What you return should be only the lines in the entries below between the one holding "Даний сорт спеціально" and the one holding "La scala interna", ends included, with every picture left out.
Material shown Start Marker
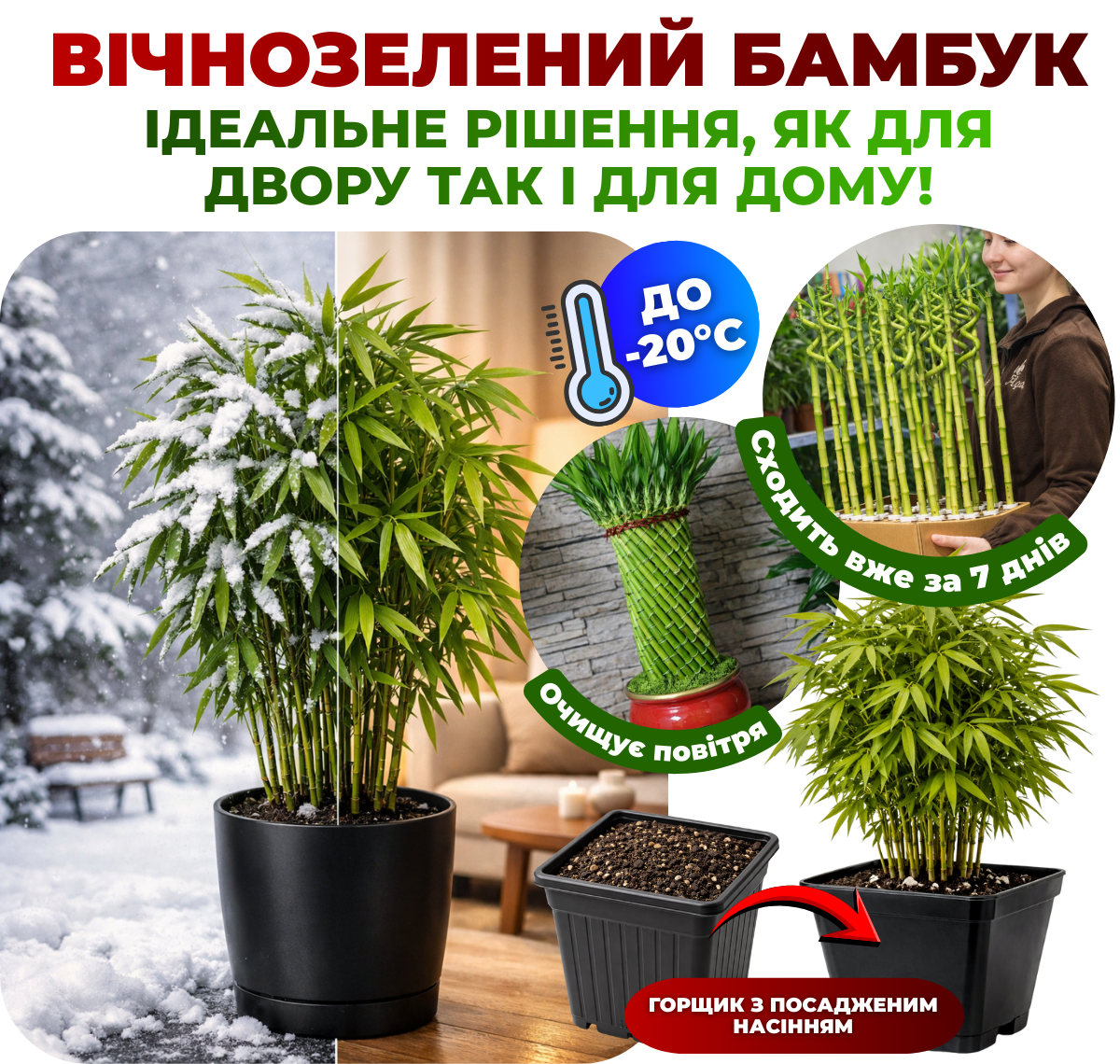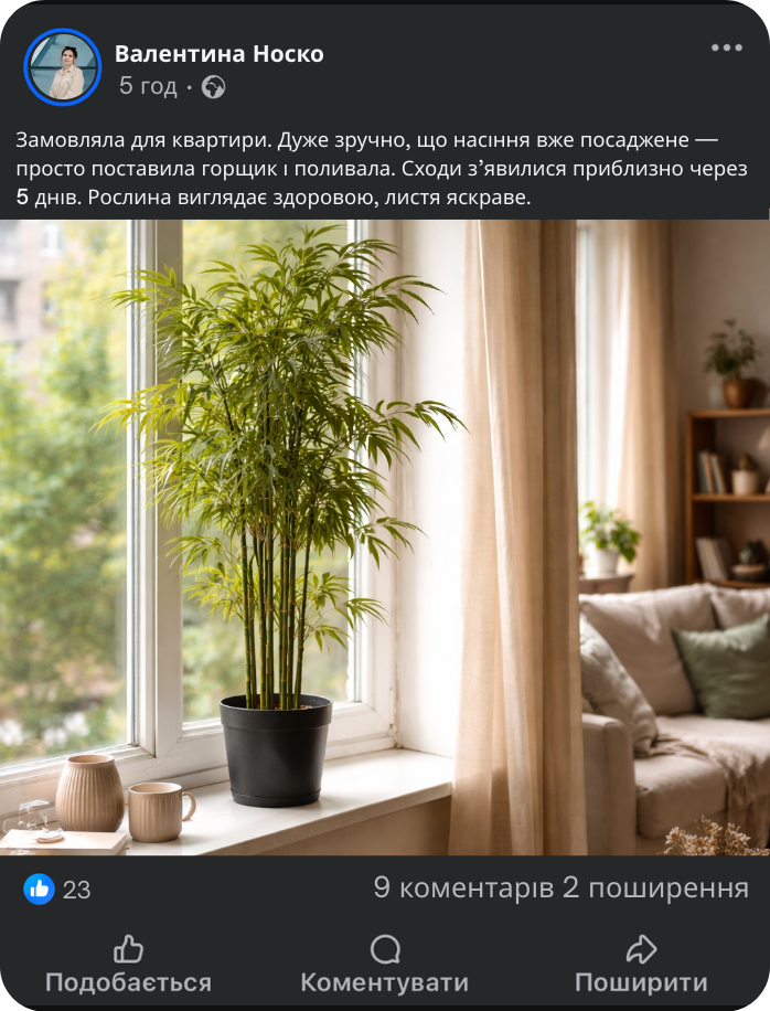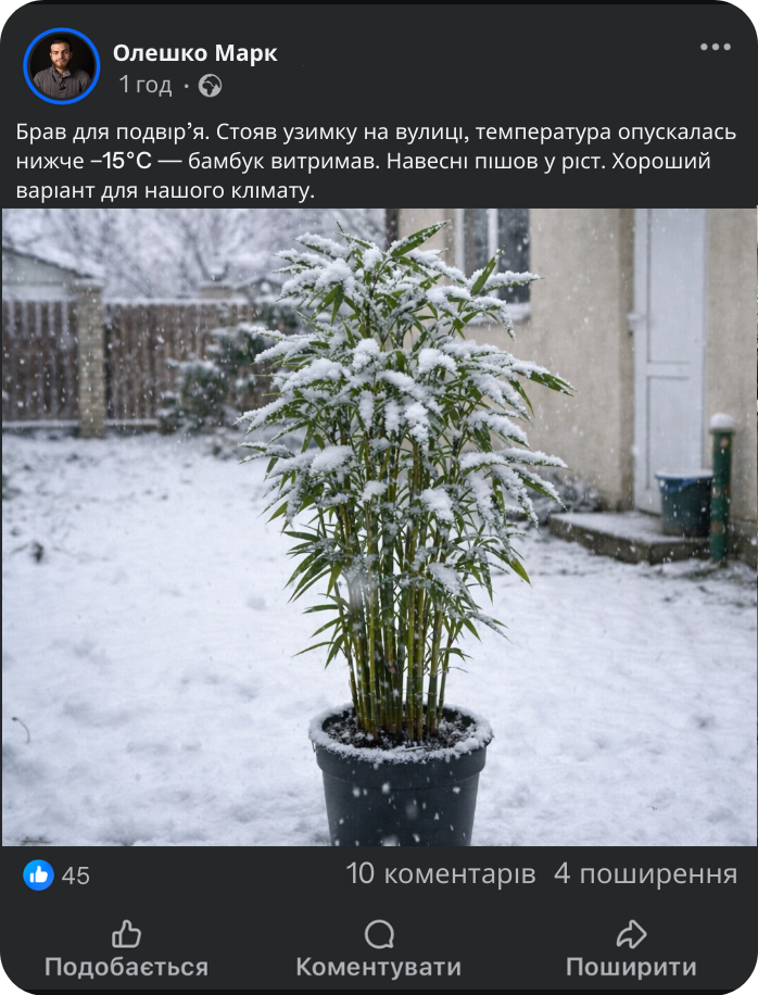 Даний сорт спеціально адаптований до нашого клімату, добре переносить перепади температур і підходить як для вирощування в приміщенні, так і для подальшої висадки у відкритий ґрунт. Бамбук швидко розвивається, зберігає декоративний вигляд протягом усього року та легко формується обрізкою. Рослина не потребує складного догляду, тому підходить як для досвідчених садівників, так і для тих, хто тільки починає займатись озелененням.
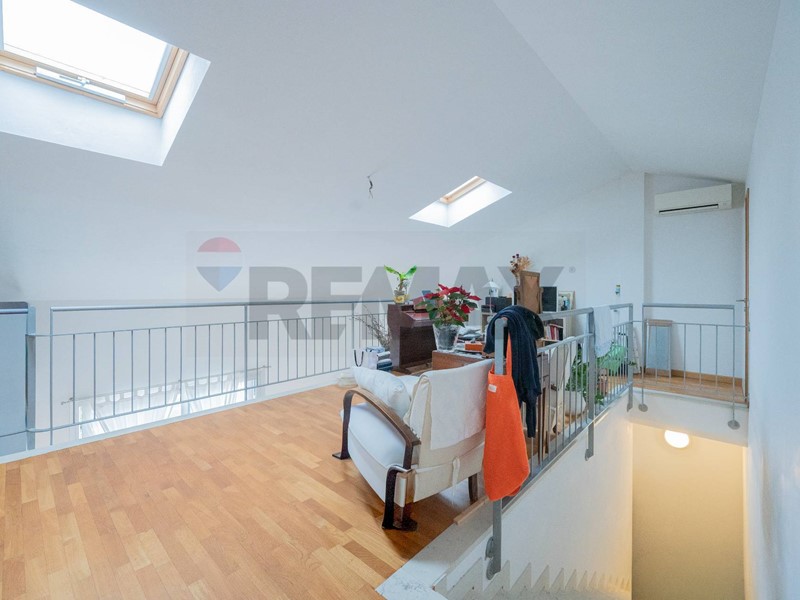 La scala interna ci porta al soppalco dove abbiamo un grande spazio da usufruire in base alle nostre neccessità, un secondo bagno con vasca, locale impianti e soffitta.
Material shown End Marker
Material shown Start Marker
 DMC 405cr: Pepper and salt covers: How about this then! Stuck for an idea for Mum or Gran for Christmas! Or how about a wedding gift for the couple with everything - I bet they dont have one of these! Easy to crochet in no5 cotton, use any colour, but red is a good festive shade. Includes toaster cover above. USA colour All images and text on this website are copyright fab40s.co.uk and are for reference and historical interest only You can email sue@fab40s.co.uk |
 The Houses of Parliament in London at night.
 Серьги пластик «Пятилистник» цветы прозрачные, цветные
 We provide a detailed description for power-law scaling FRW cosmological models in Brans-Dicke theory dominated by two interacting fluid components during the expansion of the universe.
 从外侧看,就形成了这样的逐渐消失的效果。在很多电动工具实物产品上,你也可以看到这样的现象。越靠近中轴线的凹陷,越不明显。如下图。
Material shown End Marker
Material shown Start Marker
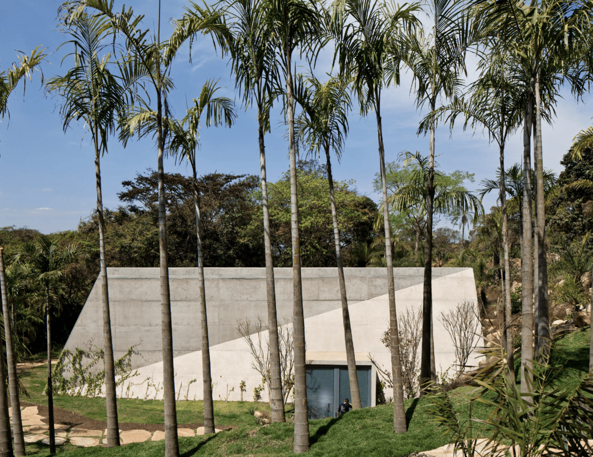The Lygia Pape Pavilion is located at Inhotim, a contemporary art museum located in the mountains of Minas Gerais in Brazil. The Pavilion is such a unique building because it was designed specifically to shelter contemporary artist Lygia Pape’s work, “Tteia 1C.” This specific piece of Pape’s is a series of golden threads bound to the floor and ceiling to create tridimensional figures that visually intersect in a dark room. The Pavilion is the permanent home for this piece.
Material shown End Marker
* Output of the task:
 Даний сорт спеціально адаптований до нашого клімату, добре переносить перепади температур і підходить як для вирощування в приміщенні, так і для подальшої висадки у відкритий ґрунт. Бамбук швидко розвивається, зберігає декоративний вигляд протягом усього року та легко формується обрізкою. Рослина не потребує складного догляду, тому підходить як для досвідчених садівників, так і для тих, хто тільки починає займатись озелененням.
 La scala interna ci porta al soppalco dove abbiamo un grande spazio da usufruire in base alle nostre neccessità, un secondo bagno con vasca, locale impianti e soffitta.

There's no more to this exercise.